This is an audiogram that I got a few years ago. The thick line near the top, at 20 dB, is considered "normal" hearing. My threshold is far, far below that - 90 dB at the most, and that only for lower frequencies. Once you go along the chart to higher frequencies, I almost do not hear at all. (Just for comparision, the threshold of pain for hearing people - the point at which sound becomes unbearable and causes permanent damage to the auditory nerve - is 115 to 120 dB. At this point, without hearing aids, I am only just starting to hear. Another fact: decibels are logarithmic units, so what I hear is thousands of times below what hearing people hear.)

This absymal performance is, in the end, what prompted the doctors, audiologists, and other CI evaluation specialists to unanimously agree that I'm an excellent candidate for an implant. Of course, I'd be a better candidate if I were younger, but that's neither here nor there. Their decision did not come as a surprise - after all, was there ever any doubt in my, or anyone else's mind, that I really am deaf? Ha.

Again, with this audiogram in mind, does it matter which ear I implant? In the end, probably not really. It is true that my right ear has always been slightly better than my left (though you can't see much difference on the above graph). In listening and auditory training exercises, this is always the ear I prefer to listen with, and during audiograms it is the ear that always makes me most confident that I am actually hearing tones and sounds - rather than imagining them. In a random sentence comprehension task for my pre-CI evaluation, I scored 15% out of the right ear (most of that by guessing). My score for my left ear was only 7%.

Which is the better strategy, implanting the better or the worse ear? Several people gave me different advice. Some said to implant the worse ear - that way my margin of improvement will be greater. Others said to implant the better ear, because that's the ear I feel most comfortable with anyway. Still others had more unexpected opinions. Among them was implanting the right ear because it's on the side that passengers will be talking into while I'm driving a car. A valid point, and one I would not have thought of otherwise. (But what if I move to the UK?)

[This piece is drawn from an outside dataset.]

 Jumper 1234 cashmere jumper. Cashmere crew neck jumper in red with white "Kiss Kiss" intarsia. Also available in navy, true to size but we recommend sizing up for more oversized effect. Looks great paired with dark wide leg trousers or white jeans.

In the end, my decision was more or less a crapshoot. I decided to go with the left ear, in hopes of bringing that ear up to par. The right side can always join the party later down the road, if I so choose.

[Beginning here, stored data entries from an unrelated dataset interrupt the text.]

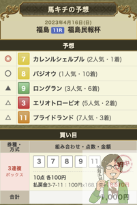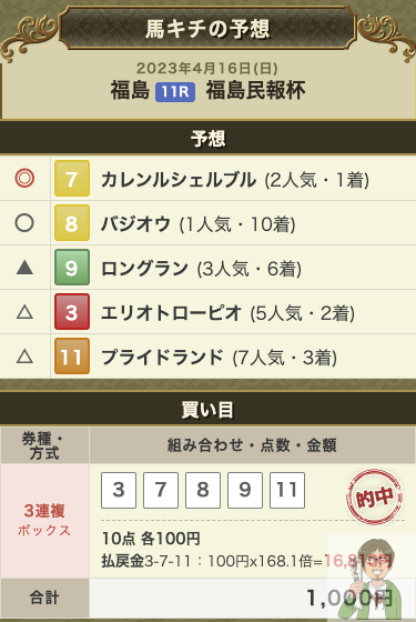 ちなみに、日曜日の福島日報杯は本命が2番人気のカレンルシェルブルで1着に入り、単勝410円はガッツリゲットできたものの3連複は1番人気のバジオウを入れたばかりに外している。このレースの三連複は16810円の高配当だったのに…。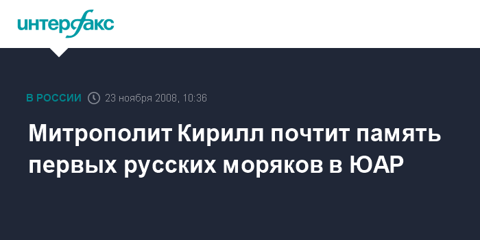 Москва. 23 ноября. INTERFAX.RU - Митрополит Смоленский и Калининградский Кирилл возглавит церковные торжества в честь 200-летия первого посещения Южной Африки русскими моряками и десятилетия основания Сергиевского прихода Московского патриархата в ЮАР.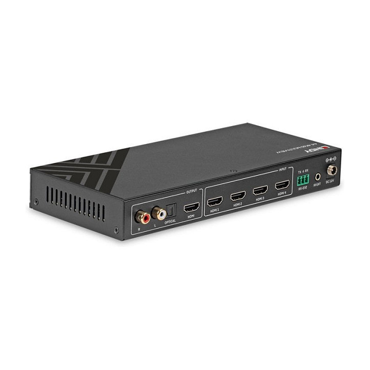 "Lindy 4x1 4K60 HDMI Seamless Multiview Switch. Video port type: HDMI. Material: Metal, Product colour: Black, Maximum refresh rate: 60 Hz. AC input voltage: 12 V, AC adapter input voltage: 2.5 V. Width: 219 mm, Depth: 111 mm, Height: 30 mm. Package width: 280 mm, Package depth: 179 mm, Package height: 78 mm"\n"This HDMI® 4x1 Multi-View Switch is a high-performance video switch designed for 4K displays, enabling signals from up to four different Ultra HD sources to be seamlessly integrated for simultaneous display on a single monitor. With four distinct viewing modes (Quad-View, Full Screen, Picture in Picture, and Dual Video), this Multi-View switch accommodates the monitoring of multiple video sources in various configurations supporting Ultra HD 4K resolutions on both input and output.

A last word: this will probably sound maudlin, but I'm sad to leave my right ear behind. I'm right-handed, right-eyed, right-legged (at least from skipping around the yard) - why not right-eared? In truth, this will be the first time that I have any dominant faculty on the left side of my body. I find that weird.

Tuesday, June 1, 2010

Advanced Bionics

The decision to get a CI is only the beginning. I stumbled into the whole process only vaguely aware of the choices that would be involved, the decisions and commitments I would have to make along the way. My first obstacle, once I had been evaluated and deemed a good candidate, was to decide what kind of CI to get.

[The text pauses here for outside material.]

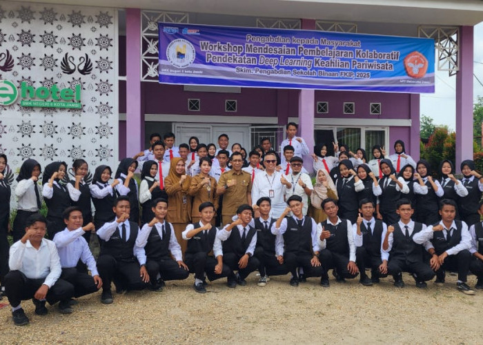 JAMBIEKSPRES.CO.ID - Kolaborasi kampus dan sekolah kembali terwujud dalam bentuk nyata. Tim dosen dari Fakultas Keguruan dan Ilmu Pendidikan (FKIP) Universitas Jambi melaksanakan Pengabdian kepada Masyarakat (PkM) melalui Workshop Mendesain Pembelajaran Kolaboratif dengan Pendekatan Deep Learning di SMKN 6 Kota Jambi.

There are three companies that manufacture CI devices - Advanced Bionics, Med-El, and Cochlear - and all three have their subtle differences. When I first went through the choices with my audiologist, she told me that all three devices had similar performance results, so there was really no going wrong. Essentially, she was telling me, in the long run it didn't matter.

This insight was echoed by the other professionals I talked to. My future surgeon told me that, when he and his other implant specialist friends convene for lunch, they debate about which device each of them prefers. There is almost never a consensus. "Each doctor has his own preference," he told me. "It's like talking about cars. Some people love their Ford, while others would prefer to drive a BMW or a Lexus." Again, he was saying, it didn't matter. I wanted to throw up my hands - I might as well pluck a name out of a hat.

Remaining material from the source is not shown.